21 Aug 2017

Common Myths About Getting Organized

Getting organized can improve your life, but it requires motivation and perseverance. When getting organized you first need to recognize the things that cause disorganization in the first place, understand your personal style, and choose the correct systems to implement moving forward. What works for one, does not necessarily work for all.

Here are three of the most common myths surrounding the process of getting organized.

Myth #1: I need a fancy organizing system to get properly organized.

I personally see this phenomenon every January – people flock to the stores to stock up on bins and totes. Now some people may actually need what they are buying – but my hunch is that many are buying all this stuff in hopes that it will solve all of their problems and get them organized. Most people stuff things in bins, stack the bins in a corner, a storage unit or a garage and call it good. A messy desk typically is more organized than a room full of bins if there was no plan or purpose that went int putting all of those items in bins. Oftentimes products go unused because the buyer didn’t ask these simple questions first.
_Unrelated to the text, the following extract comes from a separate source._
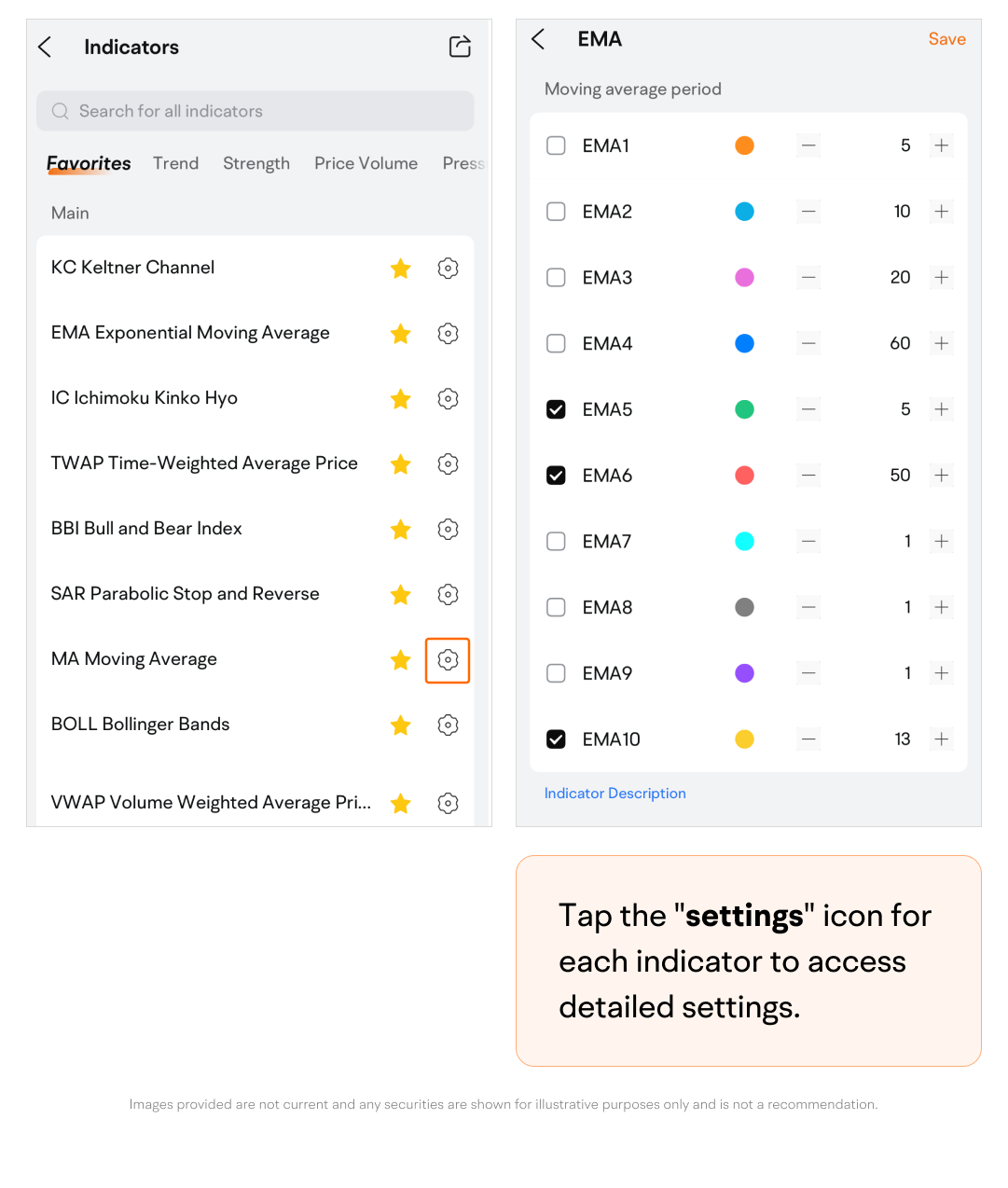 • Tap the "settings" icon for each indicator to access detailed settings.

  1. What is causing my disorganization?
  2. What type of products will help me create a system or enhance my current system?
  3. Does this product match my style?
  4. Should I sort and purge before using my new product?

The most common mistake people make in getting organized (and staying that way) is waiting too long to buy the product or replacement products. If you wait until the piles of paper have become unmanageable, you have endured a lot of unnecessary stress. The second most common mistake in getting organized is buying something that does not match your personal style. For example, if you like to create file labels on the run, consider label systems or tabs you can easily write on. If you prefer a more finished look, select an electronic or computer-based labeling system.

Myth #2: Only handle it once or (O.H.I.O.)

While this often-heard rule applies to items such as junk mail, it definitely doesn’t apply to on-going projects. Let’s face it. Some papers have to be handled more than once but “filing by piling” isn’t an efficient alternative either.

In order to avoid misplacing papers and spending time rifling through a stack, sort your papers into 6-8 categories. Then place each category into its own file folder, hanging file or project jacket. Take time to label each. Doing so will allow you to locate an item faster and avoid losing an important document.

Myth #3: You only have to get organized once.

If this were true, I’d quickly be putting myself out of a job. Getting organized and leading an organized life are two different things. For some people, the actual cleaning and organizing of an area is one thing; maintaining it is another. After getting organized, your spaces will become functional and will be enjoyed and used more often. This is a good thing. Learning to maintain an area doesn’t have to be sheer drudgery. Devote a few minutes at the end of your day to “visit” your recently organized area to assure that items are getting returned to their proper places.

As with any new habit, allow yourself the time to adjust to a new way of doing things. Getting organized (and staying organized) is on-going but it certainly allows for more peace and less stress in your day-to-day life.